The first question coming to my mind was:
Why are there valid and invalid reference-bodies in classical mechanics? I know Newton's laws are just valid at inertial reference frames, but the same question came to my mind: why?
Doing some research I read Einstein thought it was not possible to find the reason why bodies had different behaviours considered with respect to different reference systems (using classical mechanics). Also I read Newton tried to invalidate this preference but it was not possible. 
 A: Although for simplicity Newtonian Mechanics is usually introduced in the language of inertial reference frames, it can also be taught in a coordinate-free way using the tools of Differential Geometry, which is a subject based on the concept of a manifold (a generalization and formalization of the concept of a surface). 
In this more sophisticated setting, spacetime is represented by a manifold, and Newton's 1st Law says that an object free of any forces will follow a straight line in this manifold. In this context a 'straight line' is defined in terms of the manifold, and not in terms of a preferred choice of coordinates.

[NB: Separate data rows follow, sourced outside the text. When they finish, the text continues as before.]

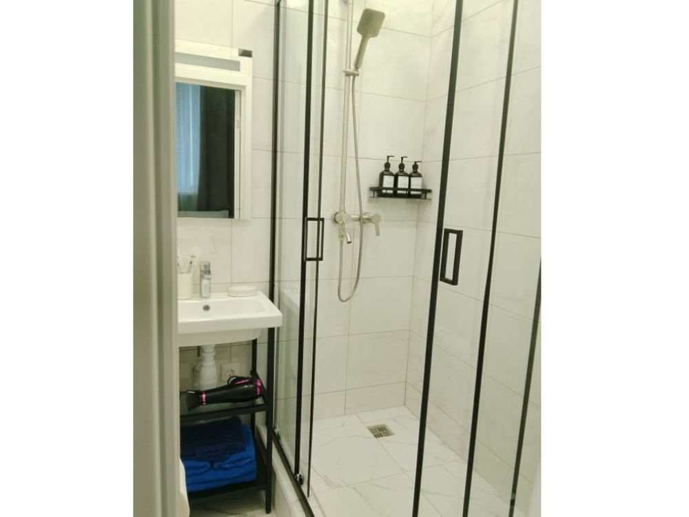 Уютные апартаменты, оборудованные всем необходимым для комфортного проживания. Для отдыха в квартире предусмотрены: двуспальная кровать с ортопедическим матрасом, чистое глаженное постельное белье, шторы блэкаут. В кухонной зоне: индукционная плита, холодильник, микроволновая печь, вытяжка, электрический чайник, комплект посуды, кухонные принадлежности, чай, сахар, соль. Wi-FI, телевизор, кондиционер сплит-система. Душевая комната с феном, полотенцами и гигиеническими принадлежностями (гель для душа, жидкое мыло, шампунь, кондиционер). В наличии стиральная машина, гель для стирки, сушилка, гладильная доска и утюг.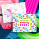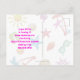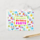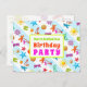 Convite postal de festa de aniversário de Verão. Esta design de Verão tropical é perfeita para uma festa de filha adolescente, ou para o fim da festa de piscina escolar. O texto de cor clara corresponde ao divertido design de verão, que inclui imagens de óculos de sol, chinelos, estrelas-do-mar, palmeiras, conchas e mais impressas sobre listras claras, azuis e brancas. A frente tem três linhas para personalizar e dizer, "Você é convidado para uma festa de aniversário" com outra modelo de texto atrás para informações da festa. Todo texto é fácil de ser alterado para qualquer tipo de parte.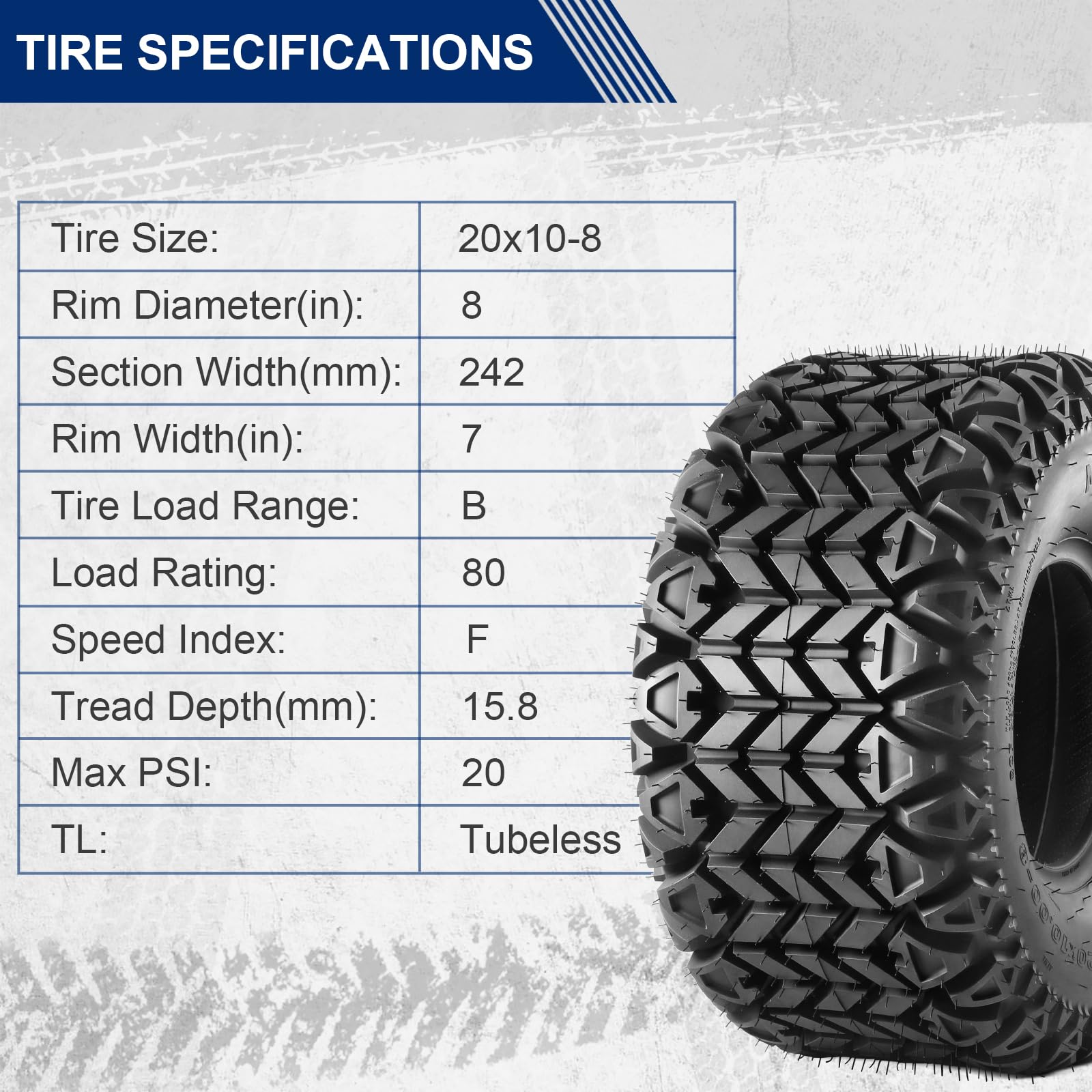 - Tire Parameters: Size: 20x10-8, tread depth: 0.62"; rim width: 7”; tubeless; max load; 1235 lbs; load/speed index: 80F; psi: 20 (Please check the original tire size before purchasing)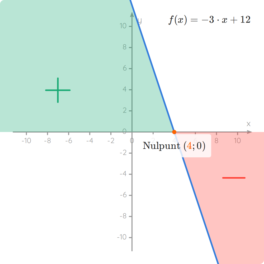 Omdat de rico () van de functie kleiner is dan nul, daalt de grafiek. We zien dat de grafiek vòòr het nulpunt boven de x-as liggen en na het nulpunt onder de x-as. Vòòr het nulpunt hebben we dus positieve functiewaarden en na het nulpunt hebben we negatieve functiewaarden.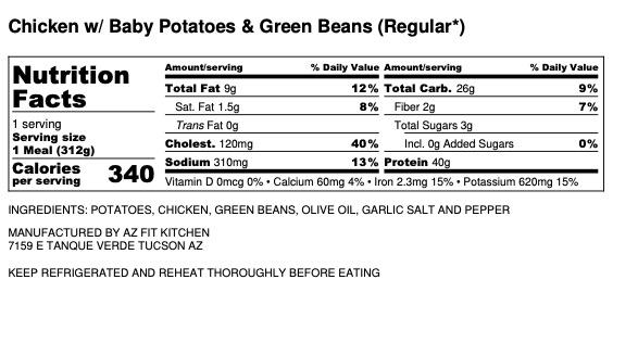 Perfectly seasoned baked chicken is paired with roasted baby potatoes and steamed green beans.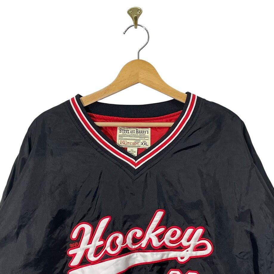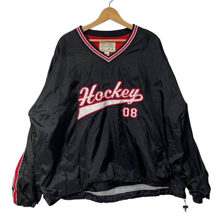 90's vintage 90年代 ヴィンテージ STEVE&BARRY'S ナイロンプルオーバー ホッケー チーム スポーツ ホッケージャージ プルオーバー 長袖 ドローコード フロント刺繍 オーバーサイズ ジャージ PAKISTAN製 XXLサイズ ブラック | OASISCLOTHING 海外古着屋【公式】通販サイト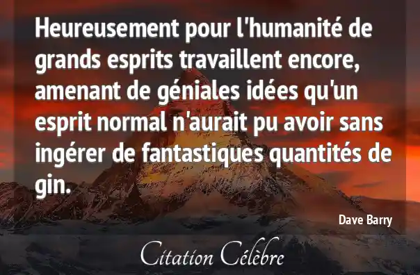 Heureusement pour l'humanité de grands esprits travaillent encore, amenant de géniales idées qu'un esprit normal n'aurait pu avoir sans ingérer de fantastiques quantités de gin.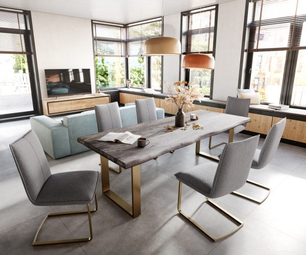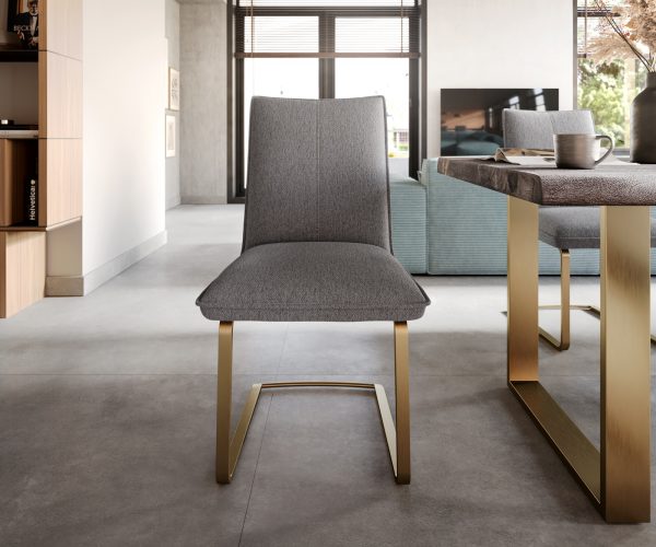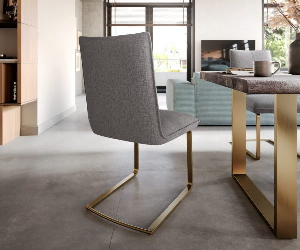 Jídelní židle Lelio-Flex konzolová podnož plochá zlatá texturovaná tkanina světle šedá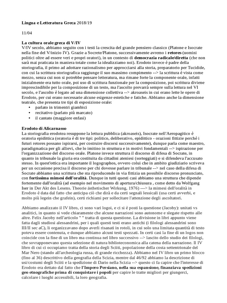 da cui possiamo attingere: La letteratura greca: tempi e luoghi, occasioni e forme di Beltrametti,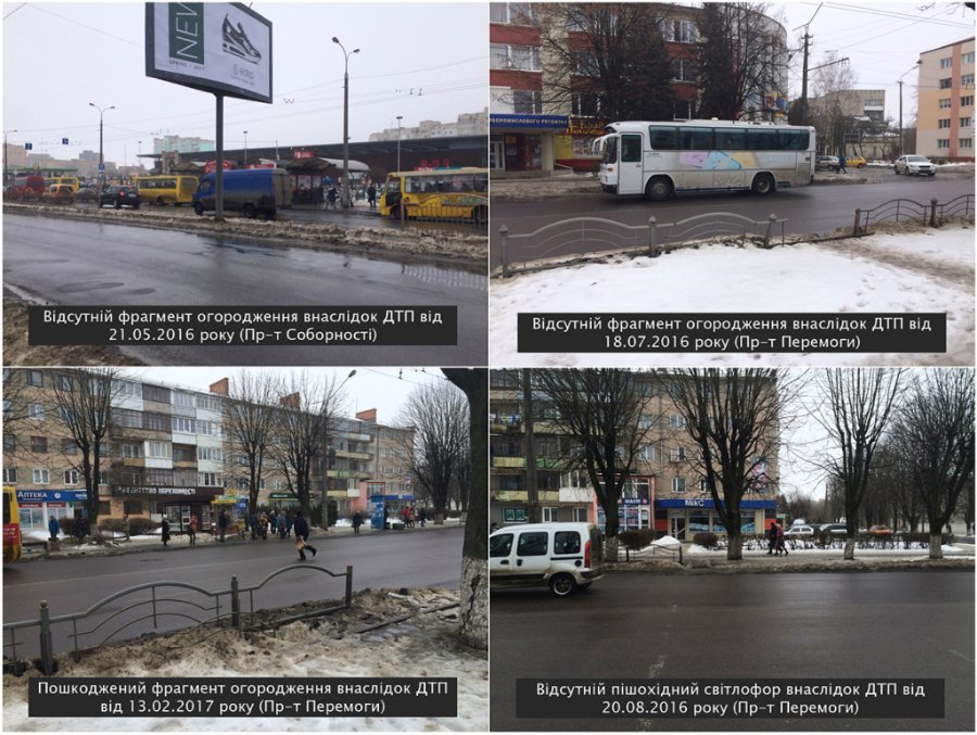 Як зазначає автор, у Луцьку є численна кількість огороджень, світлофорів та інших об'єктів, що були пошкоджені внаслідок дій учасників ДТП. «Варто зазначити, що через дані «дірки» у огородженні створився неконтрольований пасажиропотік, що значно підвищив рівень аварійності у даних місцях», – йдеться в тексті.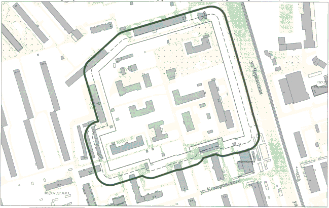 СХЕМА ГРАНИЦ ТЕРРИТОРИИ, НА КОТОРОЙ НЕ ДОПУСКАЕТСЯ РОЗНИЧНАЯ ПРОДАЖА АЛКОГОЛЬНОЙ ПРОДУКЦИИ, ПРИЛЕГАЮЩЕЙ К ЧЕЛЯБИНСКИЙ ФИЛИАЛ ФГБОУВПО РАНХИГС ПРИ ПРЕЗИДЕНТЕ РФ, МБУЗ "ГОРОДСКАЯ КЛИНИЧЕСКАЯ БОЛЬНИЦА N 2" ПО АДРЕСУ: Г. ЧЕЛЯБИНСК, ТРАКТОРОЗАВОДСКИЙ РАЙОН, УЛ. КОМАРОВА, 26
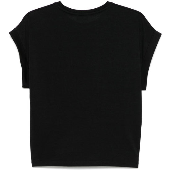 Black crew neck short sleeves turn-up cuffs straight hem  logo t-shirt size and fit - this piece fits true to size. we recommend you get your regular size. model is 1,75m / 5ft 8in wearing size s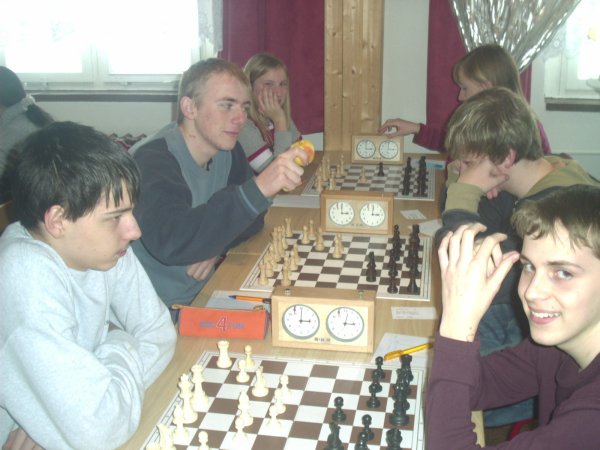 Für die Landesmeisterschaften der Erwachsenen haben sich Annett Hofmann und Jakob Engelmann aka JayJay qualifiziert. Beide eigentlich souverän, aber JayJay doch mit dem kleinen "Fehler" der Letztrundenniederlage gegen Marcus Bertz. Christians 4/7 kann man auch nicht oft genug würdigen. Ich bin ja bekanntlich kein Freund der DWZ-Gier, aber sein Zugewinn dürfte astronomisch ausfallen.

As you can probably guess, this language follows over into relativity theory in which Newton's 1st Law remains true, with the main change being the geometrical structure of the manifold.
If this doesn't make much sense to you, then you'll understand why people usually introduce Newtonian mechanics in the language of a coordinate system (specifically, one in which a straight line has the simplest possible formula).
Of course, even in this coordinate-free representation one could also ask 'What's so special about straight lines?', and this is something which we take as an axiom, since you have to start somewhere, right?
Your question is important because coordinates are not intrinsic to nature, and shouldn't be essential to stating the fundamental laws. Indeed, that's why Differential Geometry is such an important subject in physics.